EXERCISE REQUIREMENTS
Take the lines of the data below from the very first through the line containing "Bukittinggi – Fakultas" and output them exactly, pictures excluded.

#### RECORDS FOR THE EXERCISE ####

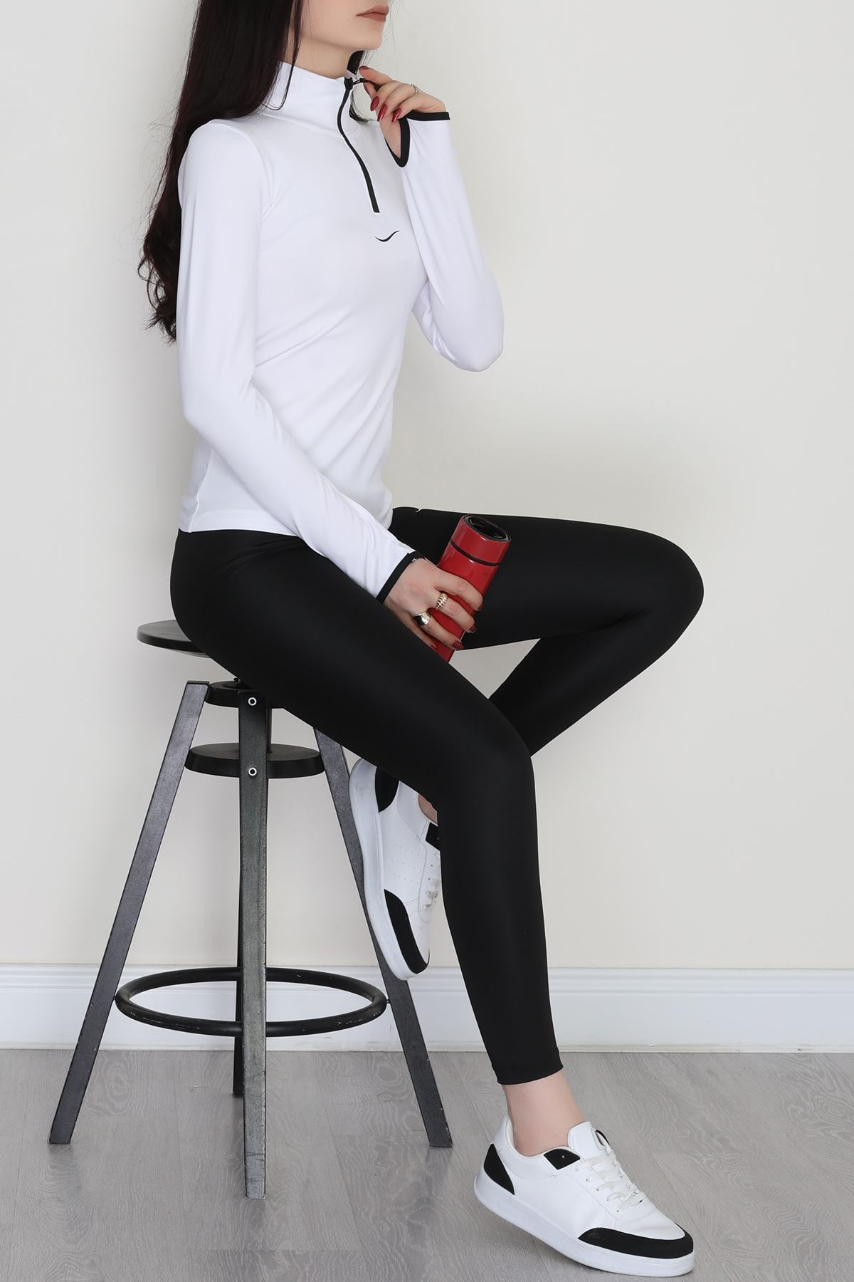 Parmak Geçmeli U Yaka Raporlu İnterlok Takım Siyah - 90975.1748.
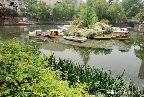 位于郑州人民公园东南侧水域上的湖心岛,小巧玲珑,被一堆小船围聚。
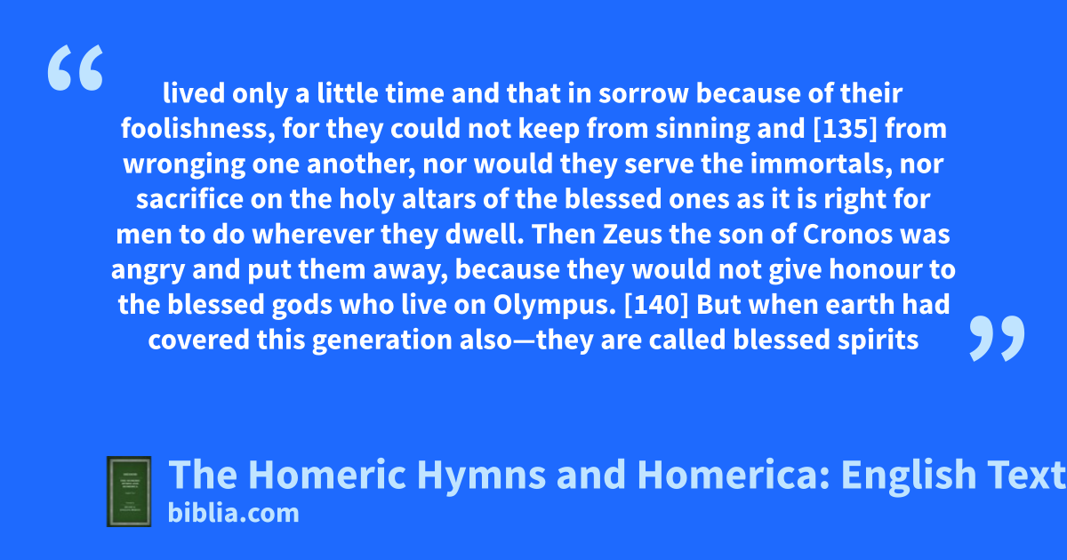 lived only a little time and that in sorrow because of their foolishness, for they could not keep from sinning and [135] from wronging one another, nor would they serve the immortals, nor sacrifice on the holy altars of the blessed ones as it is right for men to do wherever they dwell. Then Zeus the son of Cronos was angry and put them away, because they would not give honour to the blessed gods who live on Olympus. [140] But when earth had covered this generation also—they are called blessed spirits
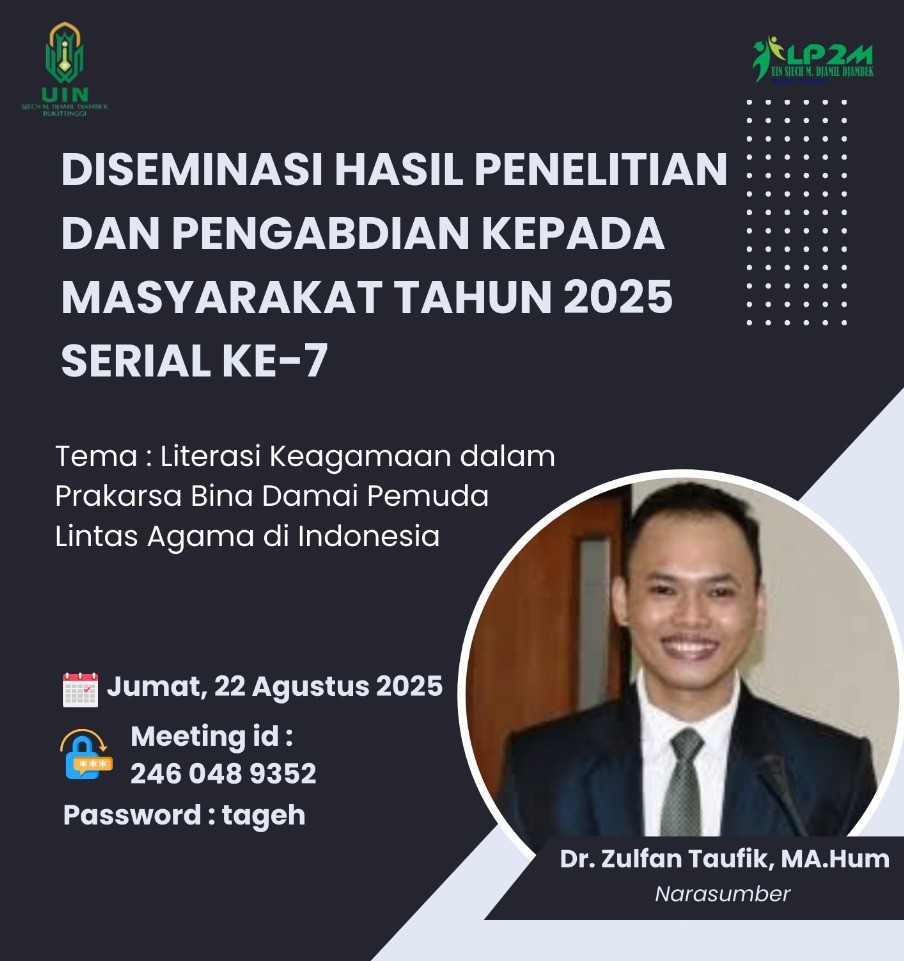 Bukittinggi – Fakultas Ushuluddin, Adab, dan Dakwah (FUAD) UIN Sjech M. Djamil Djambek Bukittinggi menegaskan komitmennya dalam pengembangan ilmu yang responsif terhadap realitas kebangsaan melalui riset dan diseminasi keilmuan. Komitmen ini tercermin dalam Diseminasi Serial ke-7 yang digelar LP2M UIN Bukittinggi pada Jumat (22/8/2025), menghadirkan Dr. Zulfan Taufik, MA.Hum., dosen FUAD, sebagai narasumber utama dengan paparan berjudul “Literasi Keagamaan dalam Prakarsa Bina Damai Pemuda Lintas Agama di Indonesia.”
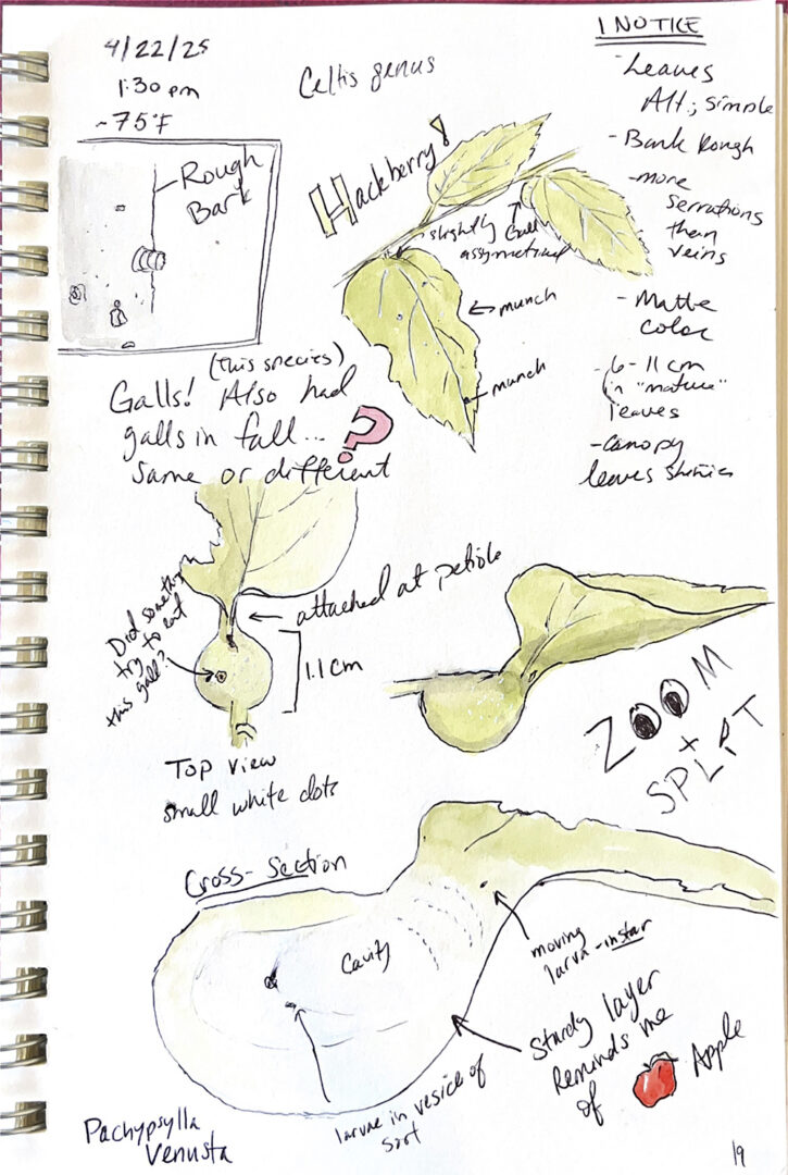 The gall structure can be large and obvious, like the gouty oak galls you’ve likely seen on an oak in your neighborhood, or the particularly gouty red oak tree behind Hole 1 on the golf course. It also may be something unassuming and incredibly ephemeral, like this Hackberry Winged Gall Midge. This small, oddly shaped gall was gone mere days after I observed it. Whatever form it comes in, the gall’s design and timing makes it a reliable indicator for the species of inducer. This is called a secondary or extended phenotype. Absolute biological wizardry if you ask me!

####

ANSWER TO THIS EXERCISE
 Parmak Geçmeli U Yaka Raporlu İnterlok Takım Siyah - 90975.1748.
 位于郑州人民公园东南侧水域上的湖心岛,小巧玲珑,被一堆小船围聚。
 lived only a little time and that in sorrow because of their foolishness, for they could not keep from sinning and [135] from wronging one another, nor would they serve the immortals, nor sacrifice on the holy altars of the blessed ones as it is right for men to do wherever they dwell. Then Zeus the son of Cronos was angry and put them away, because they would not give honour to the blessed gods who live on Olympus. [140] But when earth had covered this generation also—they are called blessed spirits
 Bukittinggi – Fakultas Ushuluddin, Adab, dan Dakwah (FUAD) UIN Sjech M. Djamil Djambek Bukittinggi menegaskan komitmennya dalam pengembangan ilmu yang responsif terhadap realitas kebangsaan melalui riset dan diseminasi keilmuan. Komitmen ini tercermin dalam Diseminasi Serial ke-7 yang digelar LP2M UIN Bukittinggi pada Jumat (22/8/2025), menghadirkan Dr. Zulfan Taufik, MA.Hum., dosen FUAD, sebagai narasumber utama dengan paparan berjudul “Literasi Keagamaan dalam Prakarsa Bina Damai Pemuda Lintas Agama di Indonesia.”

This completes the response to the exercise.